POSTED: August 3, 2010 1:05 a.m.


The Hall County community has stepped up to make going back to school less intimidating for some local children.

United Way of Hall County’s School Tools for Cool Kids program is wrapping up, but United Way officials say people can continue to donate throughout the week. The program encourages the community to purchase school supplies for the Hall County and Gainesville school systems.

“To know that you’ve got everything when you start school is such a confidence booster,” said Carol Williams, United Way senior vice president for community impact. “Plus, we know that for a lot of kids this year, it’s going to be difficult for them to get the supplies that they need. It’s a pretty long list for each school.”

Volunteers collected nearly 90 boxes of school supplies, and every school in Gainesville and Hall County will get at least one box.  Schools with more students receiving free and reduced-price lunches will receive more boxes.

Gainesville City Schools Superintendent Merrianne Dyer said getting school supplies comes as a relief for some parents.
“The parents are anxious, and the children are, because they want to be prepared and they want to be ready for the first day,” Dyer said. “They’re afraid that they’re going to get in trouble if they don’t have their supplies.
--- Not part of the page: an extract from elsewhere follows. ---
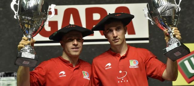 Aimar Olaizola (i) y Mikel Urrutikoetxea se han proclamado campeones del Campeonato Parejas 2016, uno de los tres grandes torneos de Mano, la especialidad reina de la Pelota Vasca, tras la retirada por lesión de Juan Martínez de Irujo, que jugaba con Beña / Miguel Toña (EFE)
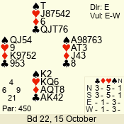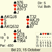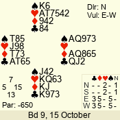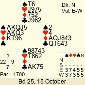 Con | Dc | Res | Score | Ld | Pairs | Rd | Tbl | 5 x | E | -3 | 500 | Q | 18 - 10 | 9 | 18 |

All these feelings of anxiety starting school can be removed if we’re able to provide the supplies.”

Dyer said more parents from a wider range of backgrounds have called requesting school supplies this year, some saying they never thought they would have to ask for help.

“This enables us to get the supplies to the children in a quiet way and ensure the families that the community cares about them, because it comes from everybody,” she said.

Those donating had two options for getting involved — buy school supplies on their own to drop off at the United Way offices or a Hall County library branch or go to Publix to purchase a pre-packaged bag. Cargill also contributed, donating $2,000 and providing volunteers to help sort the supplies.

Donations include markers, pencils, backpacks and even copy paper for teachers.

“The great thing about it is it gives the everyday person an opportunity to do their part in a small way,” said Paul Daniels, Publix district manager. “You take thousands of people and add that together, and it becomes an event like this.”